Work load made a difference as well. For every additional patient, nurses were 70 percent more likely to miss care.

“The implications are that quality of care differs pretty significantly across institutions and that if we can either provide better staffing or better work environments or both that nurses can get their care completed,” Lake said.

She noted that not only would ensuring that nurses have supportive work environments and manageable workloads improve care quality, but it could also improve care efficiency for hospitals.

“Completing tasks like providing education and discharge instructions helps parents have what they need to leave the hospital and feel comfortable doing so,” Lake said.
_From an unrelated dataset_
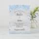 Arrière - plan à l'aspect argent faux décoré de coeurs bleus. Personnalisez et ajoutez vos noms et les détails du mariage. Lettres de couleur noire.

Such attention to quality care is particularly significant in pediatric nursing, where patients have specific vulnerabilities.

“They’re vulnerable developmentally, cognitively and in terms of their ability to express their symptoms and advocate for themselves,” Lake said. “One of nursing’s roles is an advocacy role, so offering quality care is especially key in this population.”

In addition to Lake, Aiken, Agosto, Ely and Roberts, coauthors included Pamela B. de Cordova of Rutgers University, Sharon Barton of the University of Louisville and Penn Nursing doctoral fellow Shweta Singh.

The work was supported by grants from the National Institute of Nursing Research (NR007104 and NR014855) and from CHOP.